• [Record set]
- Opening Delimiter -

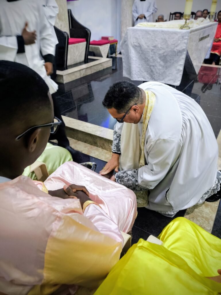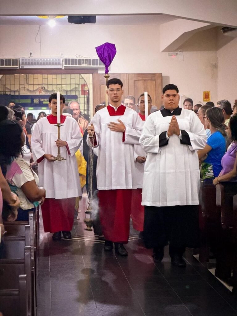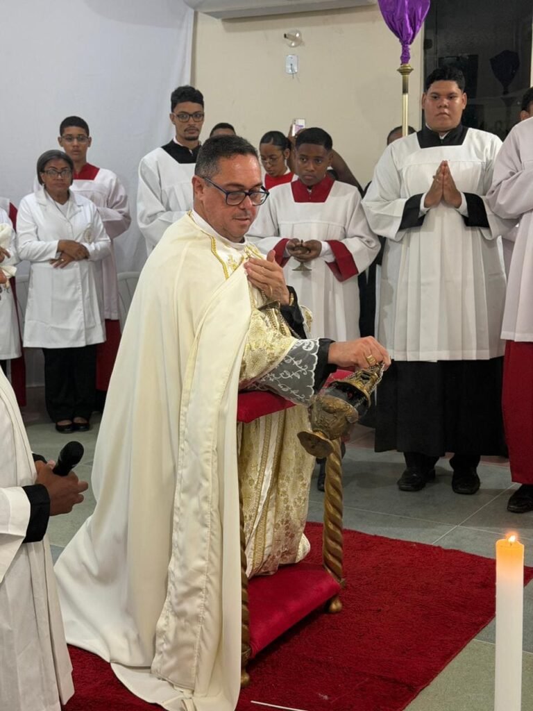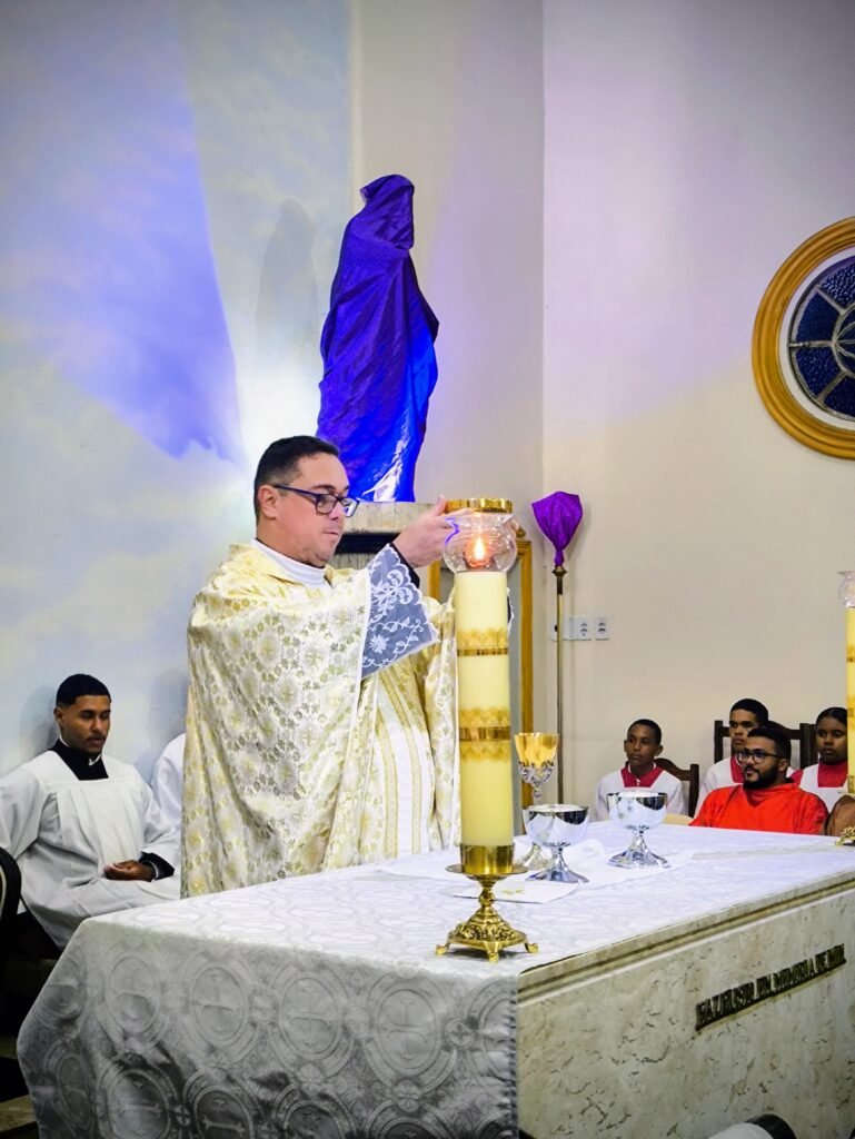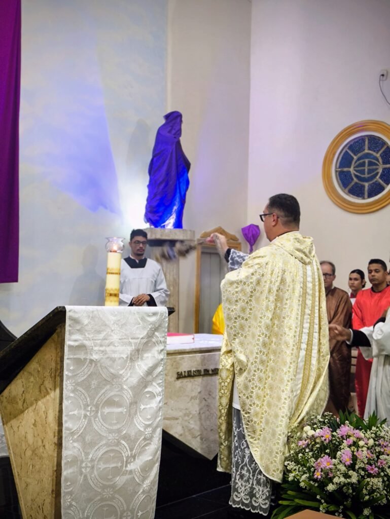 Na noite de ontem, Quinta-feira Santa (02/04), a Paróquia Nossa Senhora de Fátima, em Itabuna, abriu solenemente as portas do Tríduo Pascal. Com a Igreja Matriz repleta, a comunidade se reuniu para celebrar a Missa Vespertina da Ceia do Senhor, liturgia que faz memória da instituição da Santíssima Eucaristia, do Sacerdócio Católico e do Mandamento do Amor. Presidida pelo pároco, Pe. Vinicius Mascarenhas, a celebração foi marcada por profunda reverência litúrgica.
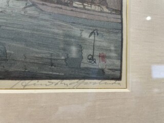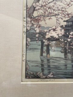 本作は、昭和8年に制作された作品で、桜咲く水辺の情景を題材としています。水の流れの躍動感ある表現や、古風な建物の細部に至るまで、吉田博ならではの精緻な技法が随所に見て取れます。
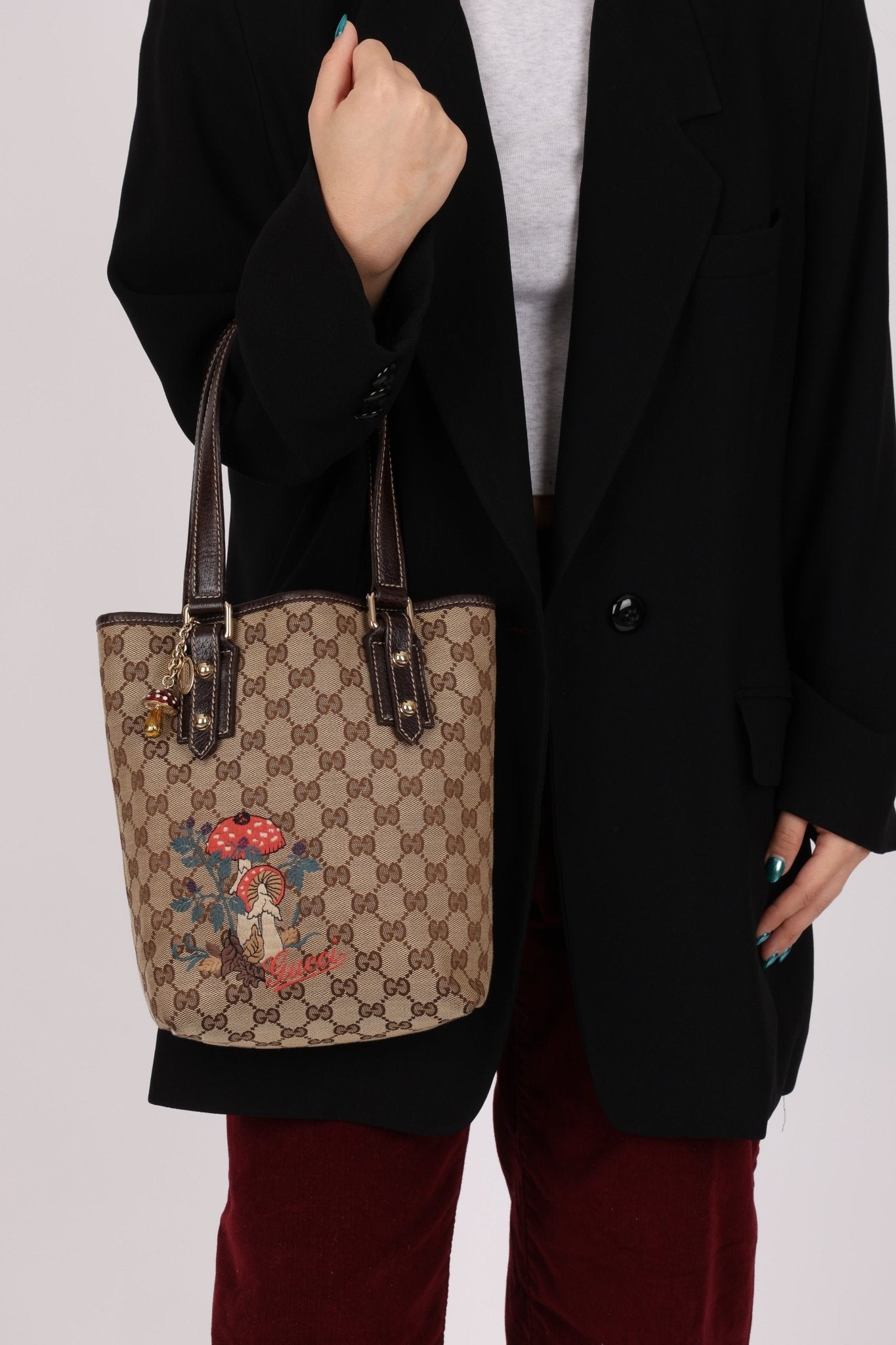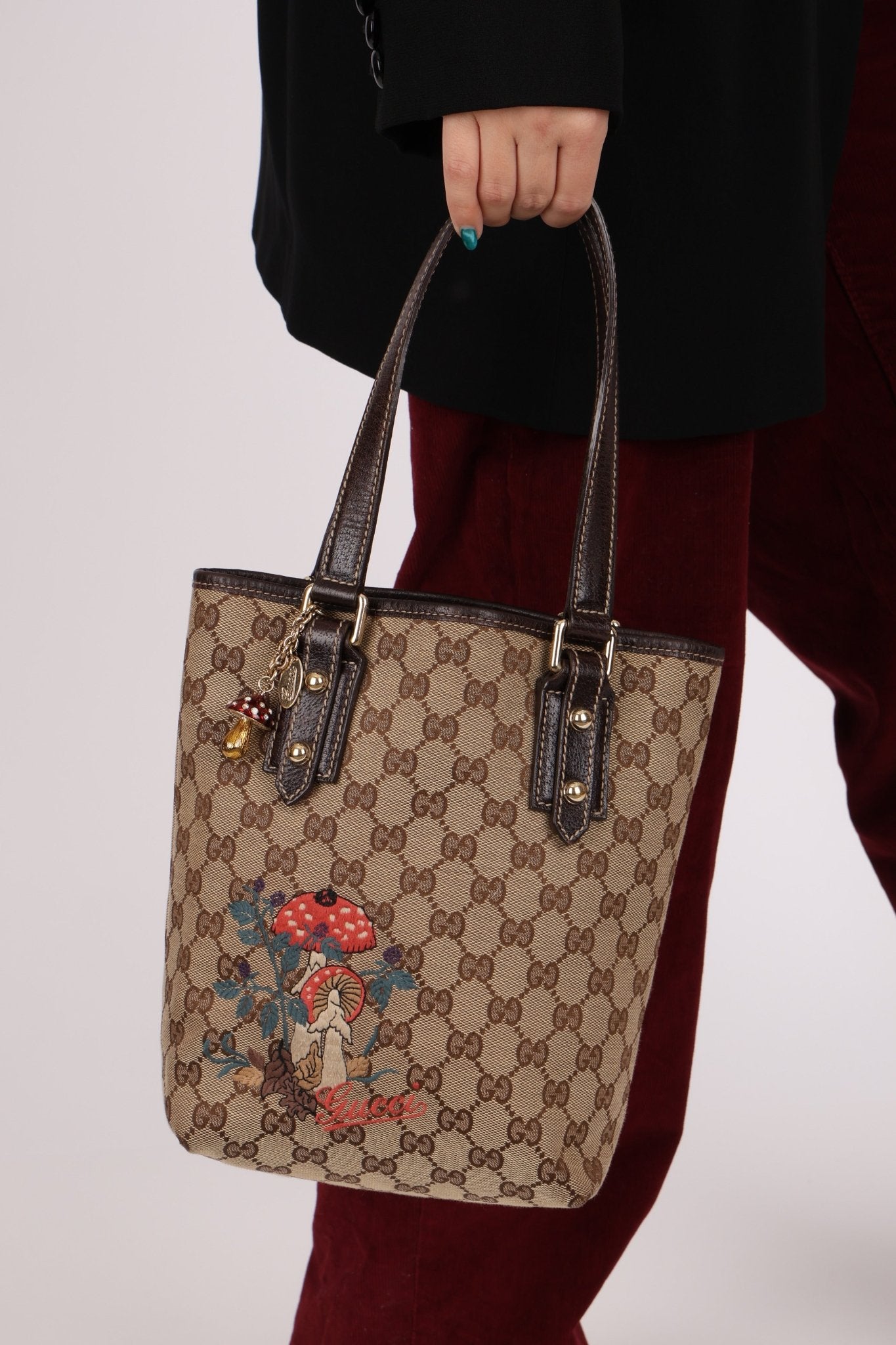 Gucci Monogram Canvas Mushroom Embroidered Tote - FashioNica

- Closing Delimiter -
- Opening Delimiter -

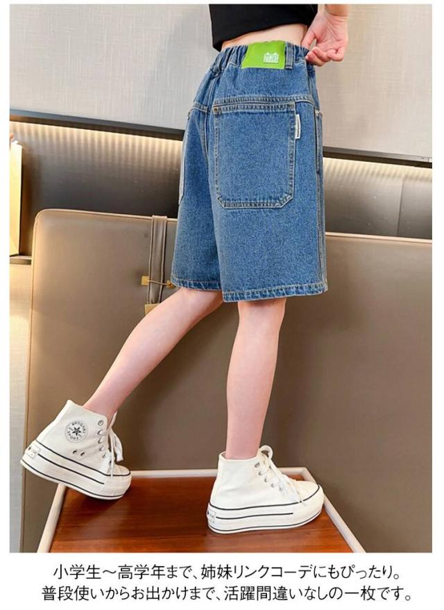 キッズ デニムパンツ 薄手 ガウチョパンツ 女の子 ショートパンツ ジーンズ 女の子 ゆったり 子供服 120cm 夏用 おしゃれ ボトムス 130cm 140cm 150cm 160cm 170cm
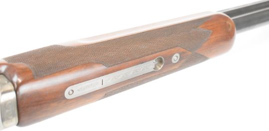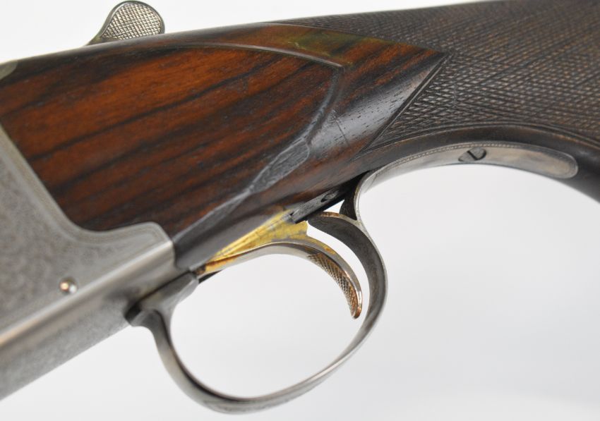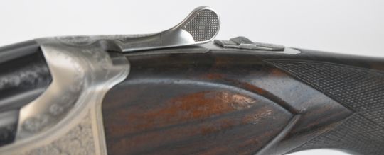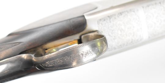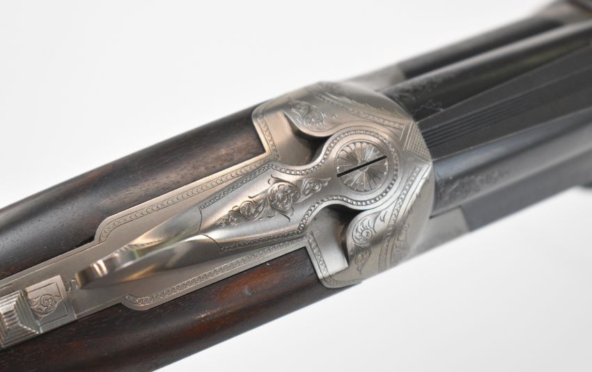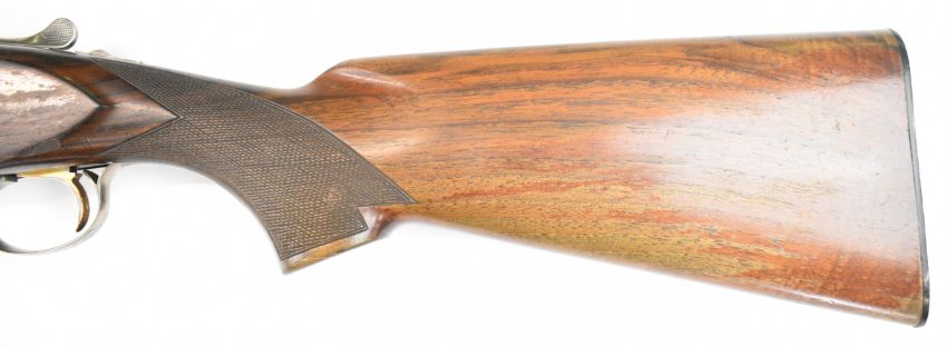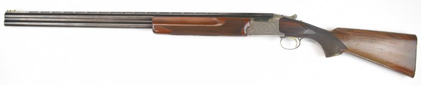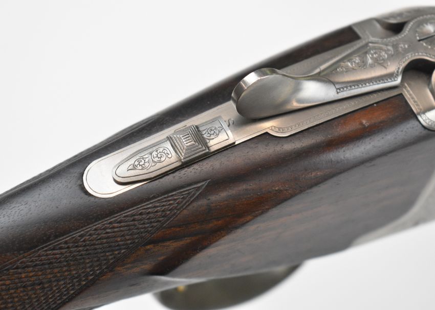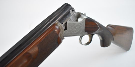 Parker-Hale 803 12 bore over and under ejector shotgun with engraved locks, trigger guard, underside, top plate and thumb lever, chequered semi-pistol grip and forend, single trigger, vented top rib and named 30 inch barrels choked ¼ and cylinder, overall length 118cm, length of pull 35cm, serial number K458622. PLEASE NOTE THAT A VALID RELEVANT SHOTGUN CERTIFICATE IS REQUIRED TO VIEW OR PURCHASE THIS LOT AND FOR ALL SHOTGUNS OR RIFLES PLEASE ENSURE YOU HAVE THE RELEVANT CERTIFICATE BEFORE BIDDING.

- Closing Delimiter -

Would you copy, word for word, only the lines above from the one containing "Na noite de" through the one containing "Gucci Monogram Canvas", both included, and please leave out the pictures?

• [Output for this task]
 Na noite de ontem, Quinta-feira Santa (02/04), a Paróquia Nossa Senhora de Fátima, em Itabuna, abriu solenemente as portas do Tríduo Pascal. Com a Igreja Matriz repleta, a comunidade se reuniu para celebrar a Missa Vespertina da Ceia do Senhor, liturgia que faz memória da instituição da Santíssima Eucaristia, do Sacerdócio Católico e do Mandamento do Amor. Presidida pelo pároco, Pe. Vinicius Mascarenhas, a celebração foi marcada por profunda reverência litúrgica.
 本作は、昭和8年に制作された作品で、桜咲く水辺の情景を題材としています。水の流れの躍動感ある表現や、古風な建物の細部に至るまで、吉田博ならではの精緻な技法が随所に見て取れます。
 Gucci Monogram Canvas Mushroom Embroidered Tote - FashioNica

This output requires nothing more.